STATE of Arizona, Appellee, v. Michael Brown NOBLE, Appellant.

No. CR-91-0049-PR.

Supreme Court of Arizona, En Banc.

April 21, 1992.

*172Grant Woods, Atty. Gen. by Paul J. McMurdie, R. Wayne Ford, Crane McClennen, Asst. Attys. Gen., Phoenix, for appellee.

Dean W. Trebesch, Maricopa County Public Defender by Carol A. Carrigan, Deputy County Public Defenders, Phoenix, for appellant.

OPINION

FELDMAN, Chief Justice.

Michael Brown Noble and Lawrence R. McCuin were separately convicted of various sex offenses. We consolidated their cases for argument and granted review to determine whether the statute requiring them to register as sex offenders violates the ex post facto clause of the United States and Arizona Constitutions when applied to offenses committed before its enactment. We have jurisdiction pursuant to article 6, § 5(3) of the Arizona Constitution and A.R.S. § 12-120.24.

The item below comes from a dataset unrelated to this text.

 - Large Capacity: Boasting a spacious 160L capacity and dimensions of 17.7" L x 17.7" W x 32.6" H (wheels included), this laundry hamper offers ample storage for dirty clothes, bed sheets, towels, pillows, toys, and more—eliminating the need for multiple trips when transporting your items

FACTS AND PROCEDURAL HISTORY

Noble pleaded guilty in 1988 to charges of child molestation and sexual conduct with a minor. The crimes were committed in 1981 and 1982. He was sentenced to consecutive aggravated terms of eleven years on the first count and twelve years on the second count. In addition, the trial judge ordered him to register as a sex offender, pursuant to A.R.S. § 13-3821,1 *173which became effective on July 27, 1983.2 The court of appeals held that the application of the registration requirement to crimes predating its enactment violates the ex post facto clause of the Arizona Constitution. State v. Noble, 167 Ariz. 440, 808 P.2d 325 (Ct.App.1990).

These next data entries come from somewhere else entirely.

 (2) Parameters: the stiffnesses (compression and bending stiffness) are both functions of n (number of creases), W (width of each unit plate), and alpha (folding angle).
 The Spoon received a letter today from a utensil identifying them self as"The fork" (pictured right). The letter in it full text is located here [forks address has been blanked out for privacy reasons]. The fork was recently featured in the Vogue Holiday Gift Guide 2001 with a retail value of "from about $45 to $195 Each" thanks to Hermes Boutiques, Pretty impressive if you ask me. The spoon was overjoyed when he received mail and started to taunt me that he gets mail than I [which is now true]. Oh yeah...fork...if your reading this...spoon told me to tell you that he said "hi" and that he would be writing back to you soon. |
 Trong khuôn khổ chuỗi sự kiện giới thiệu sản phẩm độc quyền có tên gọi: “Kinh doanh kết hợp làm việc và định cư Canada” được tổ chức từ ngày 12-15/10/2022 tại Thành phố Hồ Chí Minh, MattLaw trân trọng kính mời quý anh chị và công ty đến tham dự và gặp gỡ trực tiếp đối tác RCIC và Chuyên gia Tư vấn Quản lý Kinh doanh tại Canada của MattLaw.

McCuin pleaded guilty in 1988 to two counts of sexual conduct with a minor for conduct occurring in 1981. He was sentenced to an aggravated term of fourteen years on one count, and received a suspended sentence and a concurrent probationary term of seven years on the other count. As a term of his probation, the court required him to register as a sex offender under § 13-3821. On appeal, a different panel of the court of appeals held, with one judge dissenting, that requiring McCuin to register as a sex offender for offenses committed before the enactment of § 13-3821 did not violate the ex post facto clause. State v. McCuin, 167 Ariz. 447, 808 P.2d 332 (Ct.App.1991). We granted review in both cases to resolve the conflict between these two decisions.

DISCUSSION

Noble and McCuin both claim that requiring them to register as sex offenders under a statute that had not yet been enacted at the time they committed their offenses violates the prohibition against ex post facto laws of both the Arizona and federal constitutions.

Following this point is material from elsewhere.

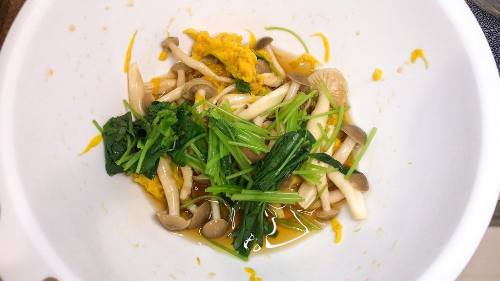 三つ葉を入れてしばらくおくと色が悪くなってしまうので、三つ葉だけは食べる直前に加えましょう。

The ex post facto clause of the Arizona Constitution is similar to that found in the United States Constitution.3 State v. Yellowmexican, 142 Ariz. 205, 206-07, 688 P.2d 1097, 1098-99 (Ct.App.1984), adopted and approved, 142 Ariz. 91, 688 P.2d 983 (1984). We ordinarily interpret the scope of a clause in the Arizona Constitution similarly to the United States Supreme Court’s interpretation of an identical clause in the federal constitution. But see Pool v. Superior Court, 139 Ariz. 98, 108, 677 P.2d 261, 271 (1984) (while we give great weight to the decisions of the United States Supreme Court, “we cannot and should not follow federal precedent blindly.”). In this instance, we believe that the cases interpreting the ex post facto clause of the federal constitution provide a useful analytical framework for interpreting our own ex post facto clause. In addition, this court has consistently followed federal precedent in this area. See, e.g., State v. Correll, 148 Ariz. 468, 481-82, 715 P.2d 721, 734-35 (1986) (applying analysis of Weaver v. Graham, 450 U.S. 24, 101 S.Ct. 960, 67 L.Ed.2d 17 (1981) and Dobbert v. Florida, 432 U.S. 282, 97 S.Ct. 2290, 53 L.Ed.2d 344 (1977); In re Appeal in Maricopa County Juvenile Action No. J-92130, 139 Ariz. 170, 677 P.2d 943 (1984) (applying Weaver analysis and other federal precedent).4 We begin, therefore, with the seminal United States Supreme Court case, Calder v. Bull.

A. The Calder Categories

In Calder v. Bull, the United States Supreme Court held that the ex post facto clause prohibited

1st. Every law that makes an action done before the passing of the law, and which was innocent when done, criminal; and punishes such action. 2d. Every law that aggravates a crime, or makes it greater than it was, when committed. 3d. Every law that changes the punishment, and inflicts a greater punishment than the law annexed to the crime, when committed. 4th. Every law that alters the legal rules of evidence, and receives less or different testimony than the law required at the time *174of the commission of the offence, in order to convict the offender.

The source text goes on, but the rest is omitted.